Засмеялся и Абу-т-Тайиб.

Хорошо, что цирюльник в этот момент не видел лица поэта; а еще лучше, что бритвы в руке не держал.

Дервиш тем временем резко оборвал пляску, собрал свои пожитки и пошел прочь, не оборачиваясь.

— Я эти танцы видел, — сообщил один из купцов, оправляя кушак. — Мы когда из Коньи от монголов бежали, насмотрелись: султан Изеддин таких плясунов привечал, набрал великое множество… в рай думал на их горбу въехать. Ан не въехал…

Поэт продолжал улыбаться. Время ничего не значит. Пространство ничего не значит. Мертвых нет; совсем. Если здесь есть ничтожный раб Аллаха по имени Абу-т-Тайиб, то почему бы и не стоять где-то некой Конье, откуда стоит бежать, не дожидаясь каких-то монголов? — и султан Изеддин вполне мог родиться вчера или завтра.

Это пыль.

Это прах; и домыслы несведущих.

Истинно то, что происходит с тобой; но истинно и другое, то, что происходит с остальными людьми и нелюдьми — а искать меж первым и вторым скрытые соответствия…

Полно, уважаемые!

И пляска исступленного дервиша говорит сердцу больше, нежели выводы ученых.

Мертвых не существует.

Совсем.

* * *

У ворот хана послышалось бряцанье колокольчиков. Хромой Кумар мигом вылетел наружу, забыв про хромоту, а минутой позже принялся обустраивать целый караван. Не торговый — богомольцы. Из святого хаджа идут: вон, почти у всех зеленые чалмы паломников, посетивших Мекку. Богомольцы мало интересовали поэта: он расплатился с цирюльником и собрался было идти завтракать, как увидел Гургина.

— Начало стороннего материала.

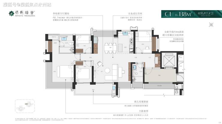 138㎡4+1房2卫,南北通透看海景,设计的是横厅南北通透格局,独立专梯入户,送约12㎡的私用公区,客厅5.7米开间,LDKB一体化,四开间朝南,4个卧室分别做到了主卧25.7㎡/次卧8.91㎡/次卧8.64㎡次卧7.29㎡(包含墙体飘窗),客厅连接次卧出6.3米长的瞰海大阳台,L型岛台式厨房,卫生间干湿分离,套内面积107.64㎡+赠送29.43㎡(不含公区),加上得房率约99.32%。

Старый маг прятался в тени карагачей, близ водоема, и манил поэта пальцем.

— Что случилось? — осведомился Абу-т-Тайиб, подходя.

— Это наши, — палец мага, сухой и мосластый, теперь тыкал в паломников.

Дрожа осенним листом.

— Наши?

— Да, кабирцы. Помнишь: «И паломничество к священному храму Аллаха для тех, кто в состоянии его совершить!» Когда мой шах…

Маг замолкает и долго жует впалыми губами.

— Когда ты…

— Я помню, — обрывает его поэт. — Я теперь все помню.

И смотрит на богомольцев.

Один из них, дряхлый патриарх, согбенный непомерной тяжестью лет, замечает этот взгляд. И вопросительно глядит в ответ, моргая белесыми ресницами: что, мол, надо, добрый человек?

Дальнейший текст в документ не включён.